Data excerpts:
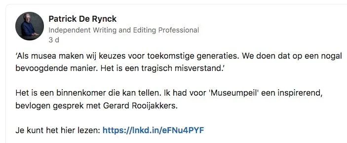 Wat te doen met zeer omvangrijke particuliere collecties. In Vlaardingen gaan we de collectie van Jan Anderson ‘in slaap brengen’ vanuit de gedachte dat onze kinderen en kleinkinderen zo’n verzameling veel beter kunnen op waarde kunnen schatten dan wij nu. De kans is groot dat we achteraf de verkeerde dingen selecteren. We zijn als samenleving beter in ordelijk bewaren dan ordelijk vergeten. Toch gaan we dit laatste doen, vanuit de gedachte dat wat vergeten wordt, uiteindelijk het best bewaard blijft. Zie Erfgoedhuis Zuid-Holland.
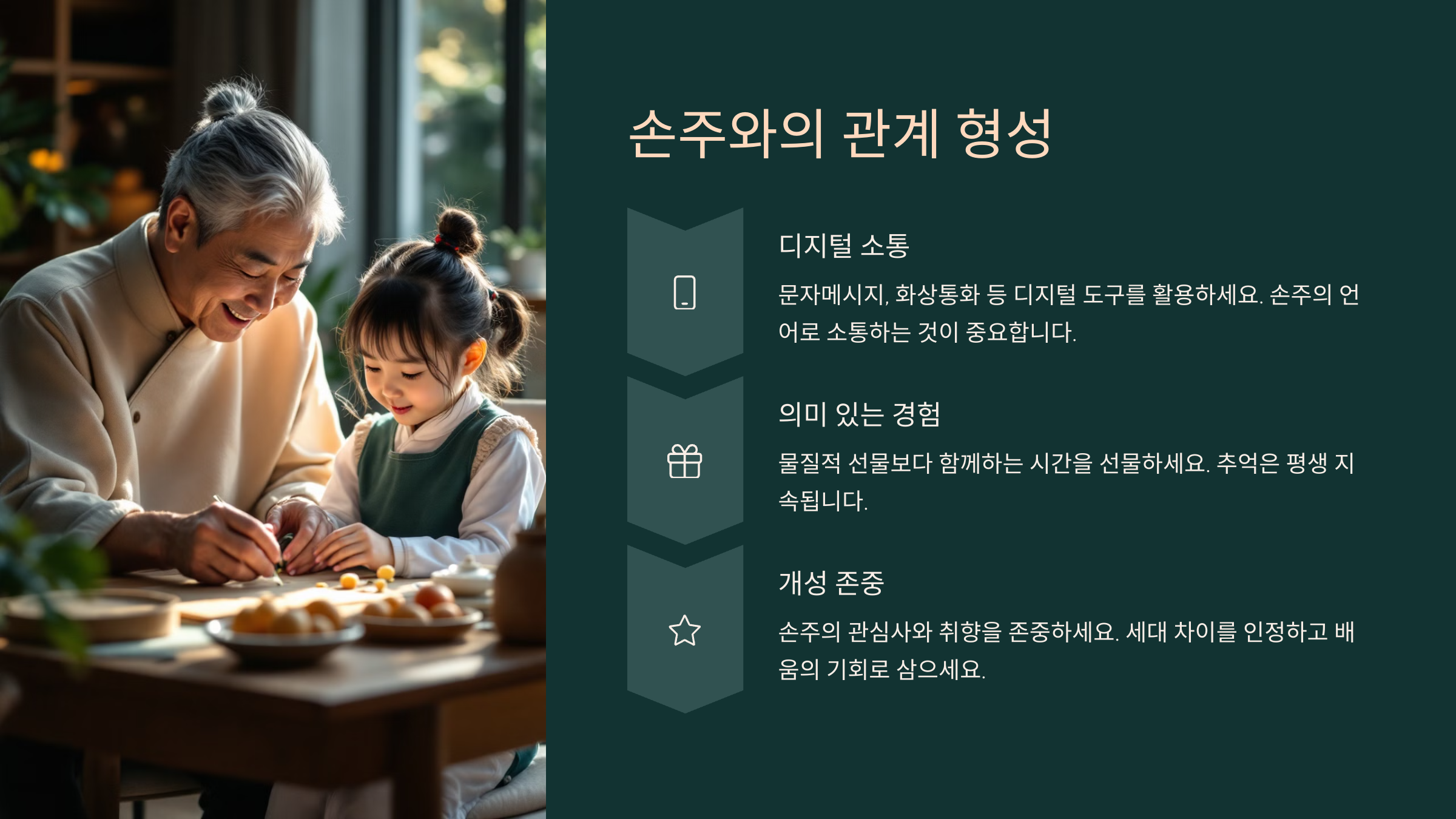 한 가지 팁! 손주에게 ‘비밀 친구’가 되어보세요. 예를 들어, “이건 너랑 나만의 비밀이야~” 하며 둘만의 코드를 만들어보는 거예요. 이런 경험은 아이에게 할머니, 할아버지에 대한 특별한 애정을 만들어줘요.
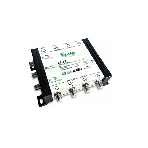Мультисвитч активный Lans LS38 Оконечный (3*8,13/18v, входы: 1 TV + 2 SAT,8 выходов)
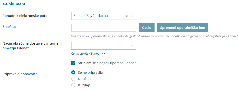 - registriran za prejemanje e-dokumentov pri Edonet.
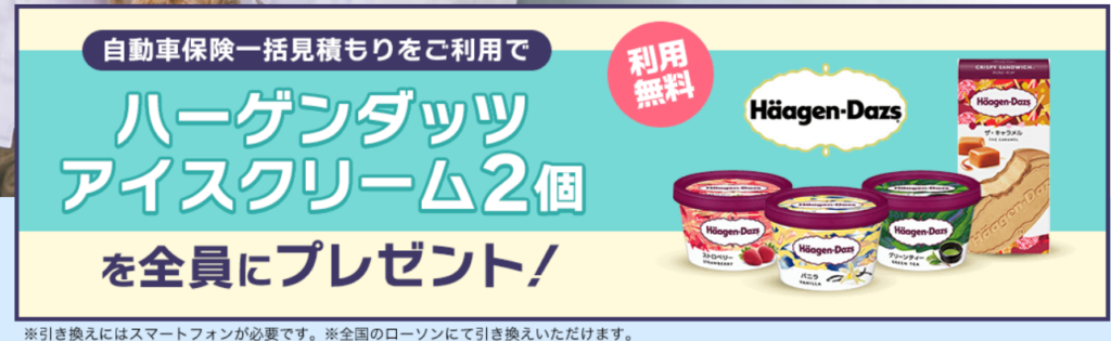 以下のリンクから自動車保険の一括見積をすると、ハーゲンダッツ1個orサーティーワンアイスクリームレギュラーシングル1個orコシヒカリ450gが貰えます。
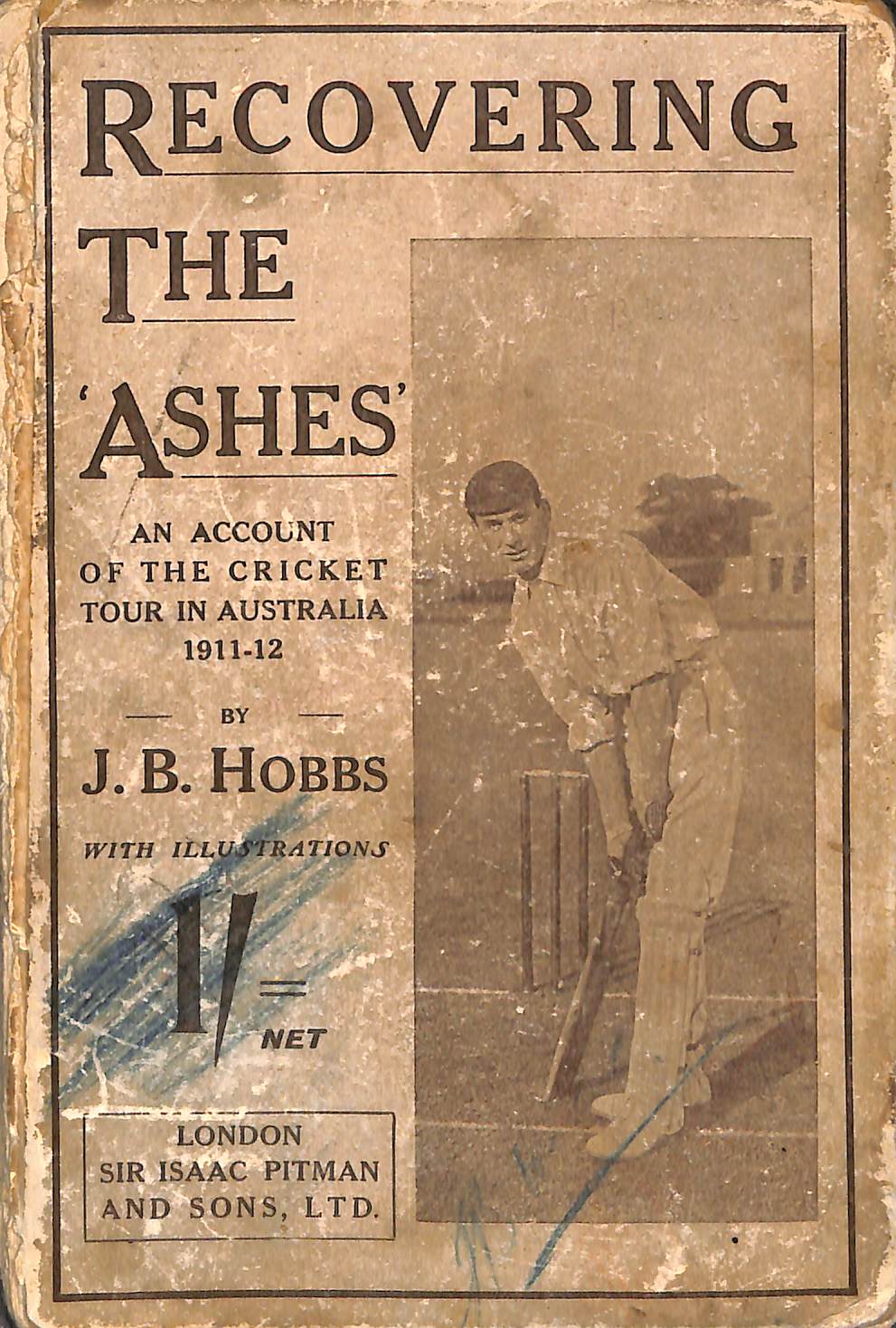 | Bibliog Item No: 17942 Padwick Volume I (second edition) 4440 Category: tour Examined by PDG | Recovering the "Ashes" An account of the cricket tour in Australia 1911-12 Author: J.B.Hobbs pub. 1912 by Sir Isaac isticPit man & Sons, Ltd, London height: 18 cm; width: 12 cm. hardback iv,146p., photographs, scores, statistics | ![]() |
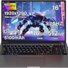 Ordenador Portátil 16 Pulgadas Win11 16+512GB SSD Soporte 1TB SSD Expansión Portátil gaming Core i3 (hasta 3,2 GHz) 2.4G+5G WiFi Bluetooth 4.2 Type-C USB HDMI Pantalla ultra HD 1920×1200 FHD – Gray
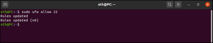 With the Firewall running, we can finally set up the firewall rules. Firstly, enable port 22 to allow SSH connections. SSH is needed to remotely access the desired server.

* **WHAT TO DO**
Would you give the data above again word for word, skipping any images?

* **EXERCISE OUTPUT**
 Wat te doen met zeer omvangrijke particuliere collecties. In Vlaardingen gaan we de collectie van Jan Anderson ‘in slaap brengen’ vanuit de gedachte dat onze kinderen en kleinkinderen zo’n verzameling veel beter kunnen op waarde kunnen schatten dan wij nu. De kans is groot dat we achteraf de verkeerde dingen selecteren. We zijn als samenleving beter in ordelijk bewaren dan ordelijk vergeten. Toch gaan we dit laatste doen, vanuit de gedachte dat wat vergeten wordt, uiteindelijk het best bewaard blijft. Zie Erfgoedhuis Zuid-Holland.
 한 가지 팁! 손주에게 ‘비밀 친구’가 되어보세요. 예를 들어, “이건 너랑 나만의 비밀이야~” 하며 둘만의 코드를 만들어보는 거예요. 이런 경험은 아이에게 할머니, 할아버지에 대한 특별한 애정을 만들어줘요.
Мультисвитч активный Lans LS38 Оконечный (3*8,13/18v, входы: 1 TV + 2 SAT,8 выходов)
 - registriran za prejemanje e-dokumentov pri Edonet.
 以下のリンクから自動車保険の一括見積をすると、ハーゲンダッツ1個orサーティーワンアイスクリームレギュラーシングル1個orコシヒカリ450gが貰えます。
 | Bibliog Item No: 17942 Padwick Volume I (second edition) 4440 Category: tour Examined by PDG | Recovering the "Ashes" An account of the cricket tour in Australia 1911-12 Author: J.B.Hobbs pub. 1912 by Sir Isaac isticPit man & Sons, Ltd, London height: 18 cm; width: 12 cm. hardback iv,146p., photographs, scores, statistics | ![]() |
 Ordenador Portátil 16 Pulgadas Win11 16+512GB SSD Soporte 1TB SSD Expansión Portátil gaming Core i3 (hasta 3,2 GHz) 2.4G+5G WiFi Bluetooth 4.2 Type-C USB HDMI Pantalla ultra HD 1920×1200 FHD – Gray
 With the Firewall running, we can finally set up the firewall rules. Firstly, enable port 22 to allow SSH connections. SSH is needed to remotely access the desired server.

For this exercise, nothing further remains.